The point against this being likely however, is that many or most powered USB hubs do in fact, connect the accessory 5 V supply rated at something like 2.5 A directly to the 5 V terminal on all outputs and the input because without the accessory 5 V supply, the input must feed those outputs and you do not want to insert any device - such as a diode - which will cause a voltage drop.
So given the relative number of Arduino UNOs (some even genuine) and powered USB hubs, I feel if this were a frequent problem, it would be announced to a far greater audience than this forum!
There is absolutely no suggestion that this can damage the UNO itself; transfer of power beyond 500 mA in either direction might trip the polyfuse.
I'm not worried about damaging Arduino's, they are dirt cheap. I am however worried about my computer....

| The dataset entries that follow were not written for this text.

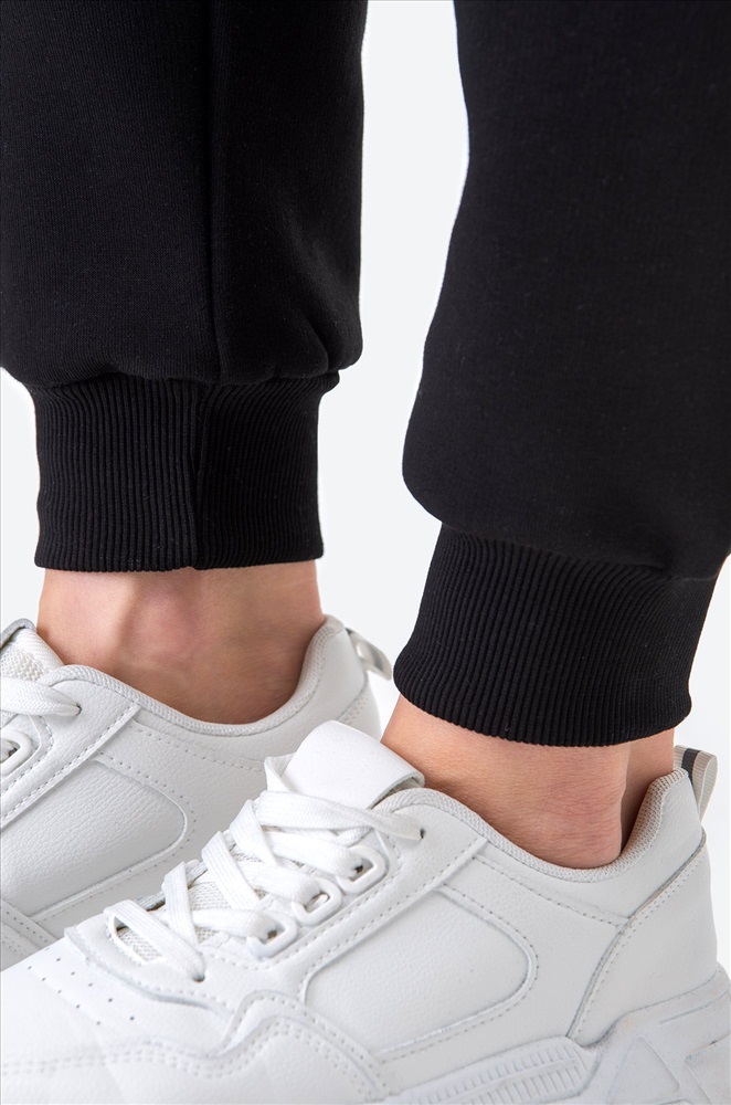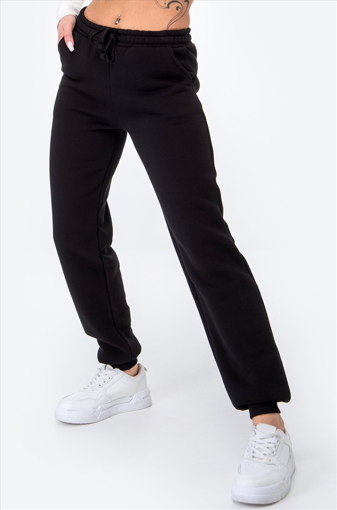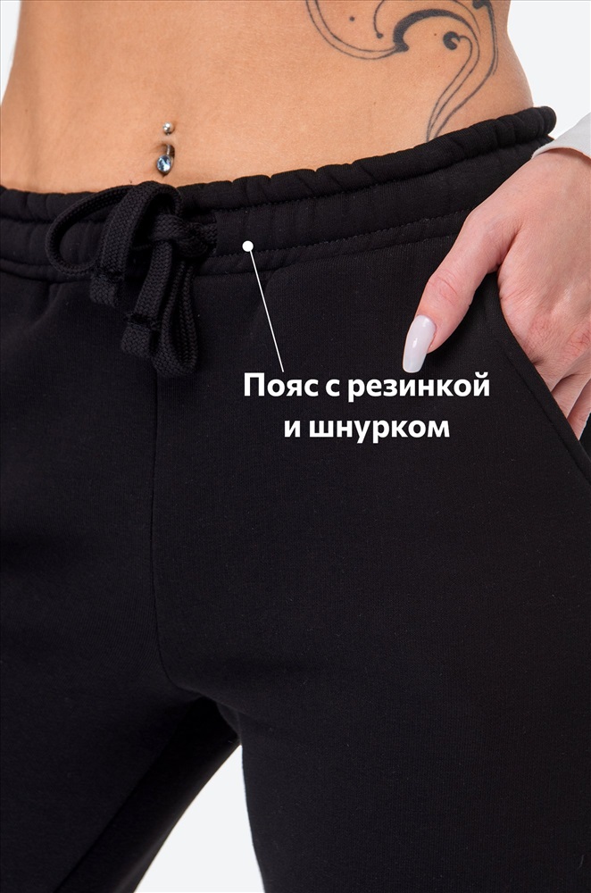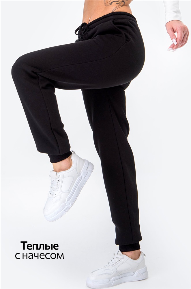 Теплые женские брюки с начесом – комфортный вариант для прохладных дней. Однотонные джоггеры выполнены из мягкого хлопка и представлены в базовом черном цвете. Удобные карманы, пояс на резинке, регулирующийся шнурком, манжеты – каждая деталь создана для вашего комфорта этой осенью.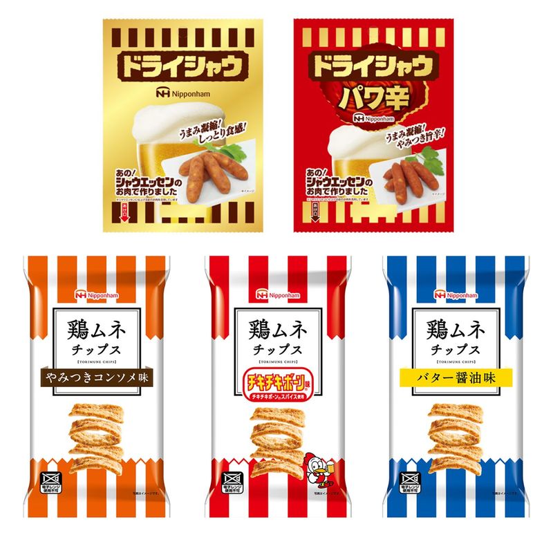 ・ドライシャウ37g ・ドライシャウパワ辛35g ・鶏ムネチップスチキチキボーン味27g ・鶏ムネチップスやみつきコンソメ味27g ・鶏ムネチップスバター醤油味27g |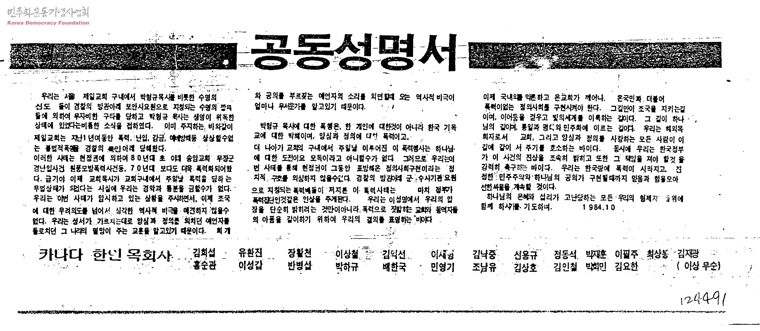 - 카나다한인목회자 김희섭, 유환진, 장활천, 이상철, 김익선, 이재형, 김낙중, 신용규, 정동석, 박재훈, 이필주, 최상봉, 김재광, 홍순관, 이성갑, 반병섭, 박하규, 배한국, 민영기, 조남유, 김상호, 김인철, 박희민, 김요한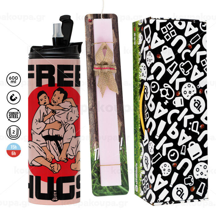 JUDO free hugs, Πασχαλινή Λαμπάδα με ΡΟΖ Travel Tumbler θερμό (600ml, BPA free) & κερί αρωματικό πλακέ (30cm) (ΡΟΖ)

Hmm . . . thinking aloud . . . could the user simply short Vin to +5 if using an adequately regulated +5 input? Or does Vin feed anything other than the crummy linear regulator?
Paul__B:
If you do, at some stage you will be waning to use more than a few tens of milliamps
I plan to power just one servo from the 5V pin. I think Arduino can handle this (with 7V in the power jack). As far as preventing 5V flowing back into the PC, I found this: how to use a diode to prevent it:
septillion:
I'm not worried about damaging Arduino's, they are dirt cheap
Yes, but there are other considerations, like labor and time. At this stage of my project, my Arduino is now buried deep in a tight enclosure, beneath other components. It would cost time and labor to replace it. I'll go with the safer 7V / power jack route because of this.
I plan to power just one servo from the 5V pin. I think Arduino can handle this
No. Servos, being motors, draw lots of (too much) current for that really.
element222:
5V directly to the 5V pin
I'd advise against doing that. From the UNO schematic, you can see that the correct way to power from 5V is to do it via the USB connector.
If you do as you say, someone could apply voltage to the power jack and there'll be a conflict between the two power sources.